Columns

50 Years After Milliken v. Bradley

 

Michigan Bar Journal

TO THE EDITOR:

The authors of “50 Years After Milliken v. Bradley” (January 2022 Michigan Bar Journal) did a fine job in describing the judicial overview of the impact of the Supreme Court’s decision on school desegregation in the United States.

As I said, however, as the judge who signed the district court’s order, I’m not a sociologist and not an educator, but I am also not sure the case really hastened white flight from Detroit by much. Detroit, because of the age of its housing stock and layout, simply became a less attractive place to live.
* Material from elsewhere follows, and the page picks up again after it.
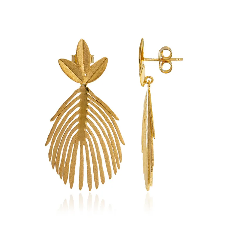 Tropical Leaf vergoldete 925 Silber Ohrringe, 5,4g

Those who could afford to move into the new suburban communities and enjoy the amenities they offered did so. School environment was a part of that, but a small part. The city had aged, and those who could escape its wrinkles did so, while leaving those who couldn’t afford it behind, but not because of Milliken v. Bradley.

Hon. Avern Cohn, Detroit


TO THE EDITOR:

“50 Years After Milliken v. Bradley” by John R. Runyan, Erin Gianopoulos, and John E. Mogk is an excellent piece of journalism that should be a must-read for all Michigan students. Maybe understanding how we got to this place of such totally disparate school districts will spur creative thoughts on how to remedy the situation. Thank you to the authors for such informative yet succinct review of urban education and desegregation in our country.

John Liskey, Okemos


TO THE EDITOR:

Interdistrict school busing for southeastern Michigan was the “defund the police” concept of the early 1970s. It was legally flawed as noted by the United States Supreme Court then and subsequently. It was a “remedy” that almost no one wanted other than the plaintiffs and their attorneys. And it wreaked havoc on politics in Michigan for quite a while since the public, not incorrectly, perceived the concept flowed from the left end of the spectrum and voted massively against even moderate Democrat politicians.

“50 Years After Milliken v. Bradley” is an article longing for the activist urge that came up with this bad idea. By the time of the lawsuit, it was clear that the city of Detroit had engaged in segregation of its schools and would need to cease and reverse, if possible, any segregation of its schools. There were findings that the city had discriminated in the past. But the litigants sought to rope into the Detroit problem students from other areas, even other counties, that had not engaged in any unlawful discrimination. The U.S. Supreme Court noted that there was no satisfactory evidence that the 53 school districts had engaged in any racial segregation of their schools.

The children and families from those other 53 communities were to be used to fashion an unwanted and unlawful remedy.